VOLUMETRIC ANALYSIS
Is a chemical procedure of determing the concentration of a solution.Volumetric analysis involves the techinque of titration.
Titration is the process of adding an acid into a base until an indicator show that the reaction is complete.
A solution with a known volume and known concentration called STANDARD SOOUTION.
Standard solution delivered from burette so that the volume addae is measured.
APPLICATION Of VOLUMETRIC ANALYSIS.
- It is used to determine unknown concentration of chemicals.- It is used to quantify the amount of the substance present in a solutions by anlytical
Procedure.
- it help in the standardization of acids and bases.
- used in preparation of standard solutions.
STANDARD SOLUTION.
Is the solution with known volume and known concentration. Standard solution categorized into two groups which are;1) primary standards
Standard solution are usually prepared from primary primary standards.
Standard solution should have the following characteristics
- high degree of purity
- stable which are not decompose with time
- have no water of hydration that is, they should not not be hygroscopic or efflorescent.
- not volatile so that looses due to evaporation do not occur.
- be highly soluable
- have high molecular mass
Examples of standard primary standards include;
- Sodium carbonate , for acid - base titration.
- Potassium dichromate for redox titrations.
2) Secondary standards
Some of acid and base such as hydrochloric acid, sulphuric acid and sodium hydroxide are secondary standards because they absorb water and vepourize during storage or prearation.
Their concentration in solution can be determined by standerdizing them with primary standards.
CONCENTRATION; is the amount of substance per 1 dm3 (L) of the solution.
- it is expressed in g/dm3 or mol/dm3.
Thus;. concentration = mass(gram)/ volume
CONCENTRATION = Molarity x Molar mass in g/dm3.
MOLARITY;
Is the amount of substance in moles per 1 dm3 of the solution
- The SI unit of Molarity is moles/ dm3
- The moles/dm3 is denoted by M.
INDICATOR
Indicators are substances which shows the end-point of the reactions.
OR
Indicators are substances that show definite colour change when they are in acid or base.
YTPES OF INDICATORS
There mainly four types of indicator as shown below.
1) ✓litmus paper; change red to blue in base.
✓litmus paper; . Change blue to red in acid.
2) ✓methyl orange; change to yellow or orange in base.
✓methyl orange; Change to pink in acid .
3)✓ phenolphthalein; change to pink in base.
✓phenolphthalen ; Change to colourless in acid
4) bromothymol blue. change to bule in base.

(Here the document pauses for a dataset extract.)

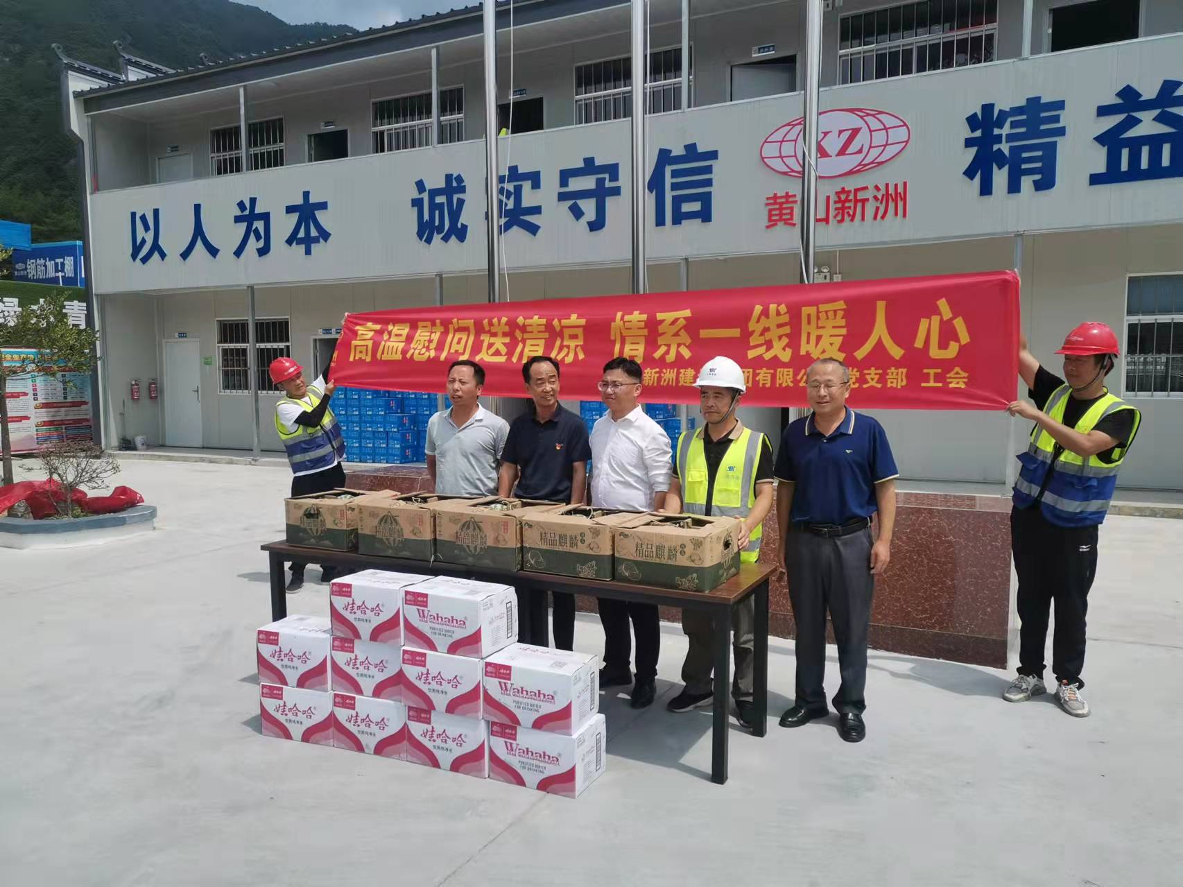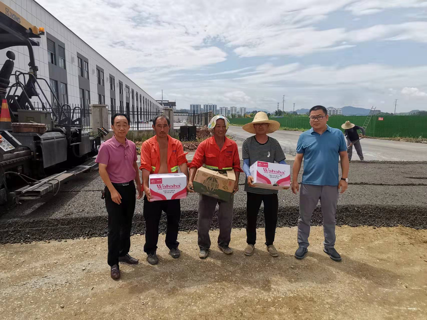 為切實維護(hù)高溫期間廣大一線職工的身體健康,2022年7月19日至20日,由集團(tuán)公司總經(jīng)理李利成、分管副總張遠(yuǎn)林、黨支部書記李惠明、安全部經(jīng)理吳正晨等組成慰問小組,分別對各在建項目及路面施工現(xiàn)場分批、分區(qū)域送去西瓜、礦泉水等慰問品,給奮戰(zhàn)在一線的職工送去了絲絲涼意,獻(xiàn)上了一份誠摯的關(guān)懷。

bromothymol blue; Change to yellow in acid
Look on graph below.
Choise for an indicator in acid-base base titration.
1) for strong acid and base you can use any indicator.
2) for weak acid and strong base indicator used is phenolphthalein indicator.
3) strong acid and weak base suitable indicator is methyl orange (m o) indicator.
4) weak acid and weak base, no suitable indicator.
ACID-BASE TITRATION
Titration is the process of adding an acid to a base until an indicator shows that the reaction is complete.
COndition necessary for a titration.
1) The reaction must be fast, so that the reaction can be performed at conviniet time.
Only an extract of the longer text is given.